Having languished in the streaming content mines for far too long—an effort he’s no doubt suited to given his penchant for coming in on-schedule and under-budget—it’s revelatory to see Soderbergh’s mastery of classical filmmaking techniques on the big screen again. There are the showy flashes—the opening shot is a lens flare–laden long take clearly nodding to Goodfellas, and there’s no shortage of slick rack focuses and split diopter shots—but the real pleasure is seeing a director use the placement of the camera and the actors within the frame to enhance the storytelling.

A useful example is a psych appointment between Blanchett and Harris. What initially appears to be textbook shot–reverse shot has much more going on beneath the surface. The view of London from the office’s windows begins almost totally blown out. But as the conversation develops, the exterior becomes clearer, reflecting the shift in both characters' perspective as the scope of their talk expands from a simple check-in into something with greater implications. And after each verbal volley in the repartee between them, the camera gets closer and more level to the actor’s faces, indicating their seeing one another with greater clarity.

The film's biggest flaws are all downstream of its MacGuffin, a nuclear meltdown-inducing piece of malware known as Severus. The idea is that the fallout—political and otherwise—from the deadly nuclear incident it would precipitate would be a sure-fire trigger of regime change. Brosnan’s Steiglitz repeatedly calls it “a damn good idea” and Page’s character shouts “it would have ended the fucking the war!” This strains credulity on multiple fronts: One, I don’t have a security clearance, but I seriously doubt a power station meltdown would cause any such stir, and two, it’s laughable that any European intelligence service wouldn’t gleefully smash a button to end the war in Ukraine overnight without a second thought, 20,000 casualties or not. It’s forgivable—thrillers need MacGuffins after all—but because it tries to raise the stakes by tying them to a brutal, ongoing conflict, it ends up having the opposite of the intended heightening effect. A good idea it is not.
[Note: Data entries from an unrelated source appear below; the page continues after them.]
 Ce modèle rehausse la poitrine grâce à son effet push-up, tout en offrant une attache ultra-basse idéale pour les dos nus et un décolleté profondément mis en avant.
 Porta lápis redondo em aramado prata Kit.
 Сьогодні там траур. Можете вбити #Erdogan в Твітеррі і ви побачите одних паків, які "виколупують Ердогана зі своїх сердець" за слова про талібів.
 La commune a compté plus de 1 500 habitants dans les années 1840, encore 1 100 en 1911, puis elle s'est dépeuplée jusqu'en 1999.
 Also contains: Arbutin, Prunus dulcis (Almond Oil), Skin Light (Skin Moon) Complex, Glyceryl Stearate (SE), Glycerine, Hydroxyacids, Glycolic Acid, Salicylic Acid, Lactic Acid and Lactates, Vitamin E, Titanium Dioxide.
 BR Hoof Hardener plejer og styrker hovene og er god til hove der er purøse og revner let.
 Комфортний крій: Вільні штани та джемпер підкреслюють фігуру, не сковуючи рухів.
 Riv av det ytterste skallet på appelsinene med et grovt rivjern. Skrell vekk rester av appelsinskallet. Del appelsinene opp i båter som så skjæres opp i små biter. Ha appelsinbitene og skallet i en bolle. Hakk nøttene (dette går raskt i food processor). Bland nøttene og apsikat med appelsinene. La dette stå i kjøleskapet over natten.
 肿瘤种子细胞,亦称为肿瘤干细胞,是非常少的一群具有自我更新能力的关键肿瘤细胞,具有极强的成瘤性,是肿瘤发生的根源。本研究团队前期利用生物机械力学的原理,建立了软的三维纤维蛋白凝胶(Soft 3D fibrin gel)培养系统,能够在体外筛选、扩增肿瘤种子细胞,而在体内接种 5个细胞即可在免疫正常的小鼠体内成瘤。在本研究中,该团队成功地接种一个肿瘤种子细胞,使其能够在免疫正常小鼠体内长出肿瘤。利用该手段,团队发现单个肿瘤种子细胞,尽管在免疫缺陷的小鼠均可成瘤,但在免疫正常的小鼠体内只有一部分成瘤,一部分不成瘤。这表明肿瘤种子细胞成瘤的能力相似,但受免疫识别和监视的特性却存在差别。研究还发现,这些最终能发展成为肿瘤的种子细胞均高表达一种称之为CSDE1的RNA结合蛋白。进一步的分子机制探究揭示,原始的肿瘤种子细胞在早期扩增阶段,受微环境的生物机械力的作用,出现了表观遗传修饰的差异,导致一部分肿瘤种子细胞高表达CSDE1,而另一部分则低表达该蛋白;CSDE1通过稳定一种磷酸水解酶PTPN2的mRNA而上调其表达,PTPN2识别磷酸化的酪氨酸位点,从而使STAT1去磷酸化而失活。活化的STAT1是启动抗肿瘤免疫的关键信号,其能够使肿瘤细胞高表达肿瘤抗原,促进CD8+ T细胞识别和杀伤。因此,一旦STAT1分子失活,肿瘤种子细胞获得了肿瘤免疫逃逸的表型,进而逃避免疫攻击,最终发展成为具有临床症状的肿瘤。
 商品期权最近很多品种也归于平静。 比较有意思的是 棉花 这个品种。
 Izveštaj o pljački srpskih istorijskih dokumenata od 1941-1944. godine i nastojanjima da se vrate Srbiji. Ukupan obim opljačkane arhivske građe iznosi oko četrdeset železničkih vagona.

But hardly any plot issues could disqualify a film so lively and replete with fresh twists on familiar material. The climactic confrontation, which sees the players return to the dinner table that set the plot in motion, feels more like something out of a Thin Man movie than a Le Carré novel, but it works perfectly. And while Fassbender and Blanchett are the film’s backbone, the ensemble do their fair share of heavy lifting. Burke (possibly the best cad working today) and Abela as a fiery, streetwise young analyst are the clear standouts, but there’s plenty of fun in seeing Brosnan and Harris play with their Bond personae too. Ultimately though, the joy of Black Bag is watching a director revel in the kind of story with which he launched a career with all the hard-won mastery of technique which only comes four decades into one.